- Exercise description -
Your task is to transcribe the data exactly while omitting each picture.

(Given records)

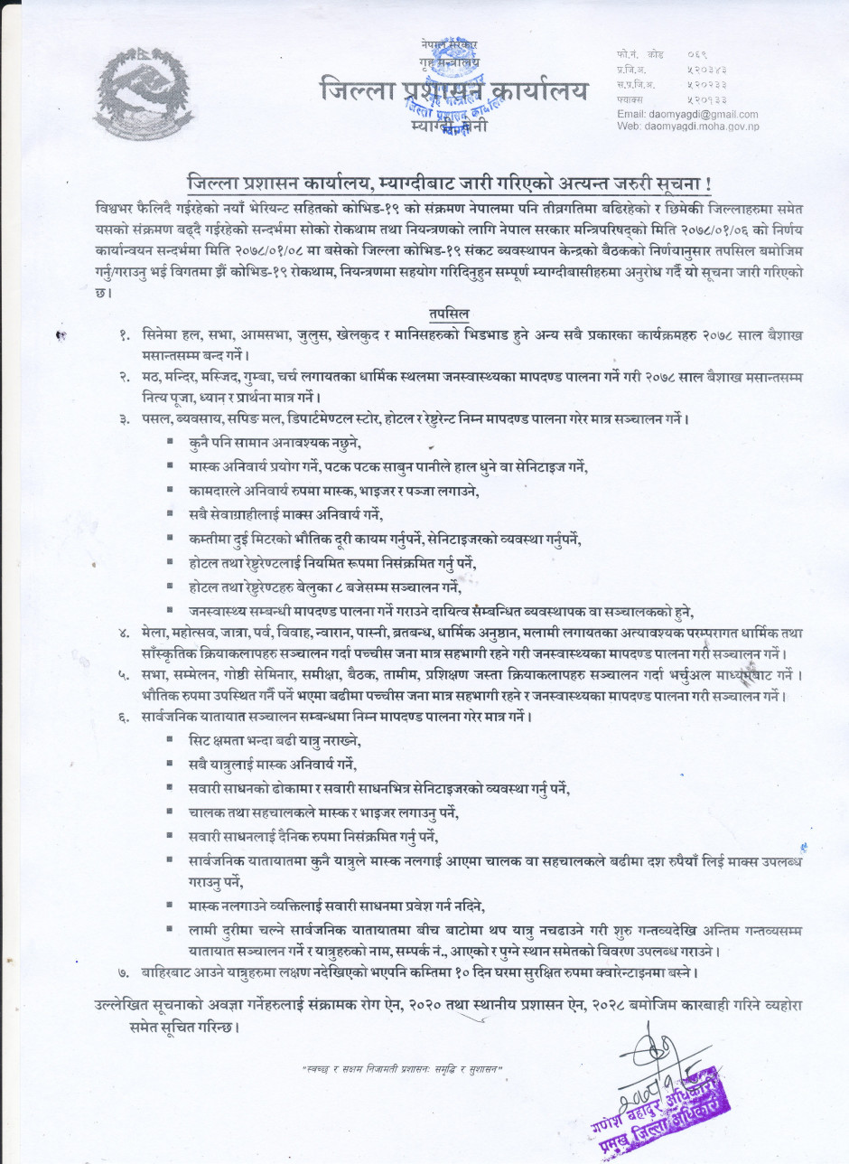 जिल्ला प्रशासन कार्यालय, म्याग्दीबाट जारी भएको अत्यन्त जरूरी सूचना !
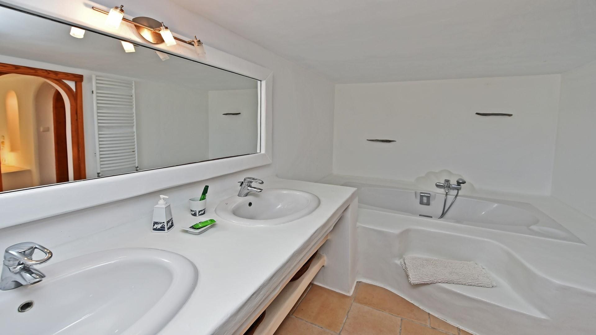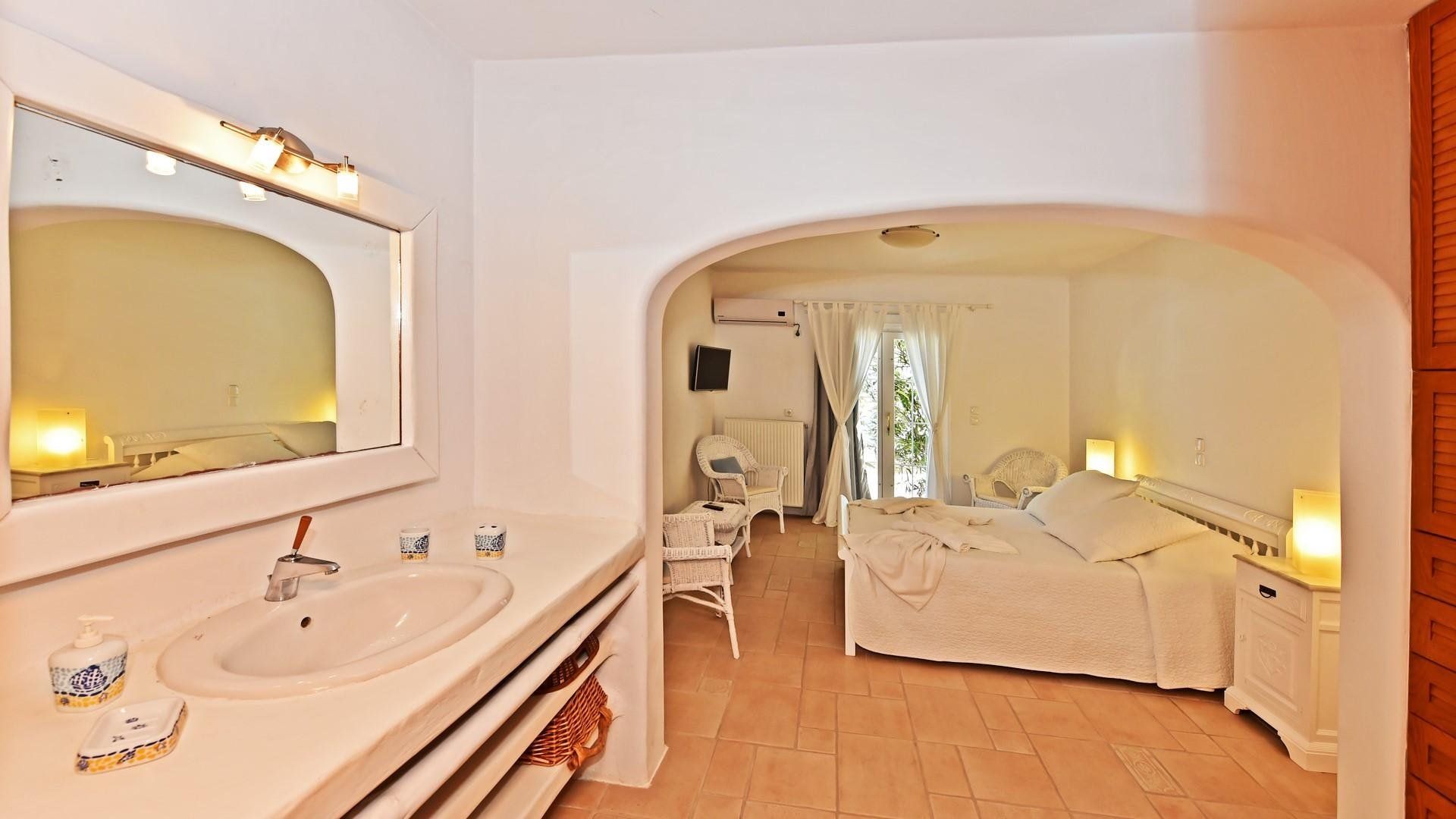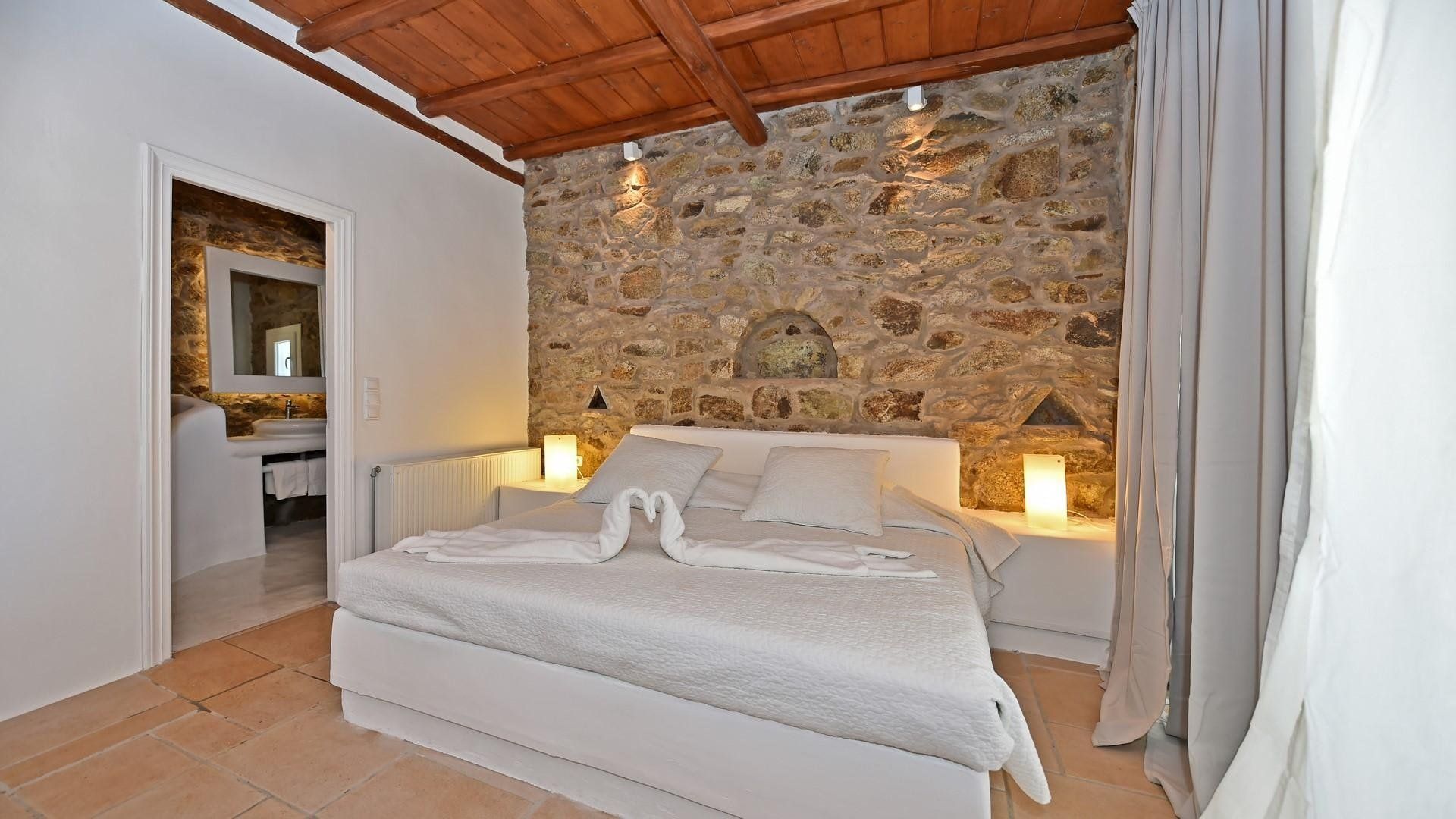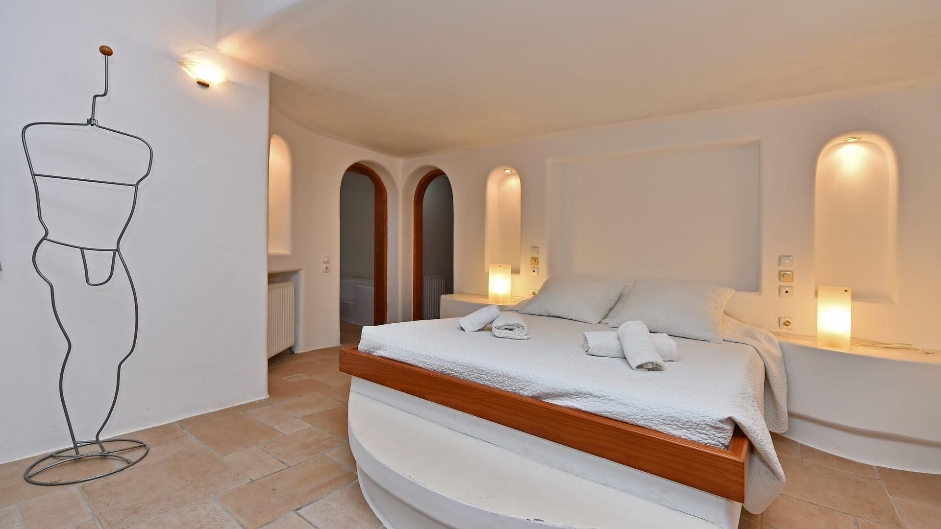 Open up the wall of glass doors to create a full outdoor lounge, decked out with white sofas and covered by a wooden ceiling. From here, a stone archway leads to the dining area which can be turned alfresco by folding back the glass doors. A dedicated bar in the dining room is perfect for a pre-dinner tipple. The design is pure Greek, with white-wash stone walls and smooth edges, but there are pops of Asian influence too like the gong in the breakfasting kitchen and teak globe in the dining room.
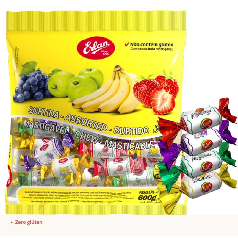 Bala Macia Erlan mastigavel ,sabores sortidos,pacote de 500 gramas
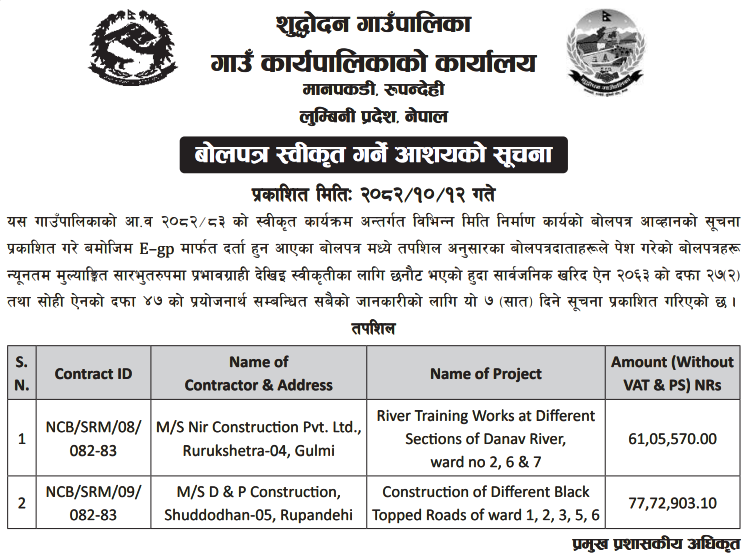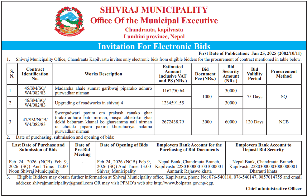 | 142 | Shivraj Municipality, Office of the Municipal Executive, Chandrauta kapilvastu | Upgrading of roadworks in shivraj 4 | 25/01/2026 | PPMO | 09/02/2026 | Click Here | |
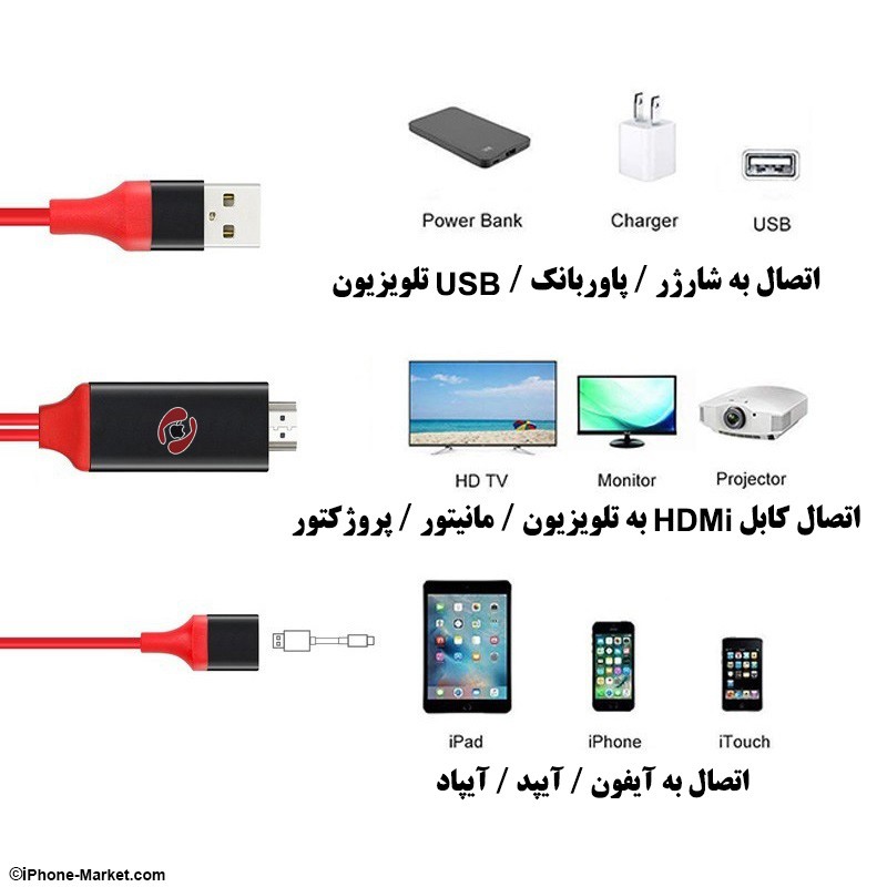 | قابل استفاده برای | انواع آیفون / آیپد با پورت لایتنینگ / آیپاد جهت اتصال به تلویزیون ، مانیتور و پروژکتور |

(End Given records)

- Written solution -
 जिल्ला प्रशासन कार्यालय, म्याग्दीबाट जारी भएको अत्यन्त जरूरी सूचना !
 Open up the wall of glass doors to create a full outdoor lounge, decked out with white sofas and covered by a wooden ceiling. From here, a stone archway leads to the dining area which can be turned alfresco by folding back the glass doors. A dedicated bar in the dining room is perfect for a pre-dinner tipple. The design is pure Greek, with white-wash stone walls and smooth edges, but there are pops of Asian influence too like the gong in the breakfasting kitchen and teak globe in the dining room.
 Bala Macia Erlan mastigavel ,sabores sortidos,pacote de 500 gramas
 | 142 | Shivraj Municipality, Office of the Municipal Executive, Chandrauta kapilvastu | Upgrading of roadworks in shivraj 4 | 25/01/2026 | PPMO | 09/02/2026 | Click Here | |
 | قابل استفاده برای | انواع آیفون / آیپد با پورت لایتنینگ / آیپاد جهت اتصال به تلویزیون ، مانیتور و پروژکتور |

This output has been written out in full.